CONCLUSIONS, RAMIFICATIONS, AND SCOPE

Advantages of Two-Way Authentication Using Stored and Generated Password Lists with Nonces Methods
The methods of using Stored Password Lists with Nonces and Generated Password Lists with Nonces are novel, to the best of my knowledge, as they have not previously been applied in the art. However, these methods provide no advantages beyond the simple duplication of a known prior art method.
Advantages of Two-Way Authentication Using Stored Password Lists without Nonces
This method is novel, and provides a number of advantages, some of which themselves are novel.
Security Against Eavesdropping
As with all One-Time Password List methods, this method is secure against eavesdropping because the passwords are never re-used.
Tamper-Evidence at the Authenticator
As with all One-Time Password List methods, this method provides the possibility of tamper-evidence at the authenticator in the case of a replay attack (successful or unsuccessful) if a legitimate authentication attempt is made.
Security Against Replay Attacks
Because this method employs an Anti-Replay Value (here a non-nonce ARV, more specifically a MARV, in a role similar to that of the nonce value used in some prior art methods), it is secure against replay attacks. The contents of each authentication exchange depend upon the ARV used in that exchange, and because of the characteristics of this value the attacker cannot know future values of it and thus cannot cause the authenticatee to release to it valid authentication replies.
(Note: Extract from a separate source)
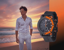 Bound together with solid block aluminum and surgical grade hypoallergenic steel, the Quantum timepiece is a is an architectural statement with a strong industrial look. 50mm case houses an intricate three dimensional half carbon fiber dial with date window, 1/10 second and 60 second sub dials run by a Swiss Ronda 3540.D Chronograph movement. Durable silicon strap is specially designed with dual holes to ensure a comfortable and secure fit. 10 ATM water resistance takes the Quantum from every day to every adventure.

Combinations of Advantages
This method provides advantages in combinations not present in the prior art. In particular, while the “nonce methods” of the prior art provides security against replay attacks, but do not provide tamper-evidence at the authenticator, and while Lamport-style One-Time Password List methods provide the second of these advantages but not the first, this method provides both.
Tamper-Evidence at the Authenticatee in Real-Time
Those prior art methods which provide tamper-evidence in the case of replay attacks do so at the authenticator and do so only if a valid authentication is attempted in the future. This method not only provides this (as discussed above) but also provides tamper-evidence at the authenticatee while a replay attack is underway.
The flaw in prior art methods in this regard is that the authenticatee cannot know a priori what the nonce values are. It has no way of distinguishing valid nonce values supplied by A from attacking nonce values supplied by an attacker. It must respond equivalently to each.
In the method of this invention, the authenticatee can determine what the anti-replay value supplied to it should be, and therefore can refuse to participate in a (presumed) replay attack, and can be implemented so as to raise alarms in such an event. This requires a mutually known anti-replay value (MARV) and cannot be accomplished with prior art nonce methods.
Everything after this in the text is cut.